Due to Austin's live music and party atmosphere, some say the city could be tough on those making alcohol-related resolutions.

A key to keeping up with New Year's resolutions is to avoid temptation. But what if your resolution, in a vibrant city like Austin, was to quit drinking?

According to Robert White, the city itself can be a temptation for addicts and a hurdle to overcome.

White, the CEO and Founder of Any Length Recovered for Life, said that the new year brings an influx of new clients.

"We definitely see an increase after the holidays," he said. "In my experience, the family got together and is like 'The show is up. You need some help.'"

White said getting sober from alcohol or drugs on your own is possible, but not helped by the city's live music and party atmosphere.

"I mean, you mostly think of Austin as a music city," he said. "You've got Sixth Street and all types of things."

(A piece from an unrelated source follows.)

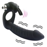 Δονητής & Δονούμενο Δαχτυλίδι Πέους με Ντίλντο & Αυτάκια Rabbit για Πρωκτική, Κολπική & Κλειτοριδική Διέγερση με Μπαταρία - Διπλή Διείσδυση - Anal, Vaginal & Clitoris Trinity Fun Dildo - Μαύρο

His employee and former client, Mark Willmore, has experienced the same.

"I mean, it's no secret," Willmore said. "You can drive around anywhere and see a guy drunk or overdosing."

Both Willmore and White struggled with addiction in their past. Before founding the recovery center, White struggled with substance abuse and anger.

"Age 17 I started going in and out of treatment centers," he explained. "I got to this point where I couldn't imagine my life with alcohol or drugs or without them. I put my family through literal hell."

Willmore said he started recreationally using drugs at age 12 and then continually worked his way into harder, more dangerous substances.

"When I was 26, I started shooting heroin and that was like a line I thought I would never cross," he said.

White started his recovery center after going through a program himself. He said that after trying to avoid temptation and get clean on his own, he realized he needed more support.

His time with other former addicts gave him tools to overcome his own addiction and temptations.

"I can go anywhere on this earth and be protected because now I'm aware of who I am," he said. "I have a purpose of why I'm recovered."

Willmore agreed. A recent client of White's, he now works to show others the same path towards sobriety that worked for him.

"Given my experience and my past, I get to use that," he said. "All the darkness, all the bad things that I did. I get to help men recover today."

Any Length is just one of dozens of sobriety centers in the Austin area. It offers isolated retreats and housing for those who want to be removed from temptation.

"If you're out there and you feel alone," White said, "you don't have to be. You can live your life and do anything that other men or other individuals can do ... but it requires taking action and getting uncomfortable."

And their numbers support that idea. Ninety percent of the men who've completed their program are currently gainfully employed, and 91 percent are still active in 12-step recovery.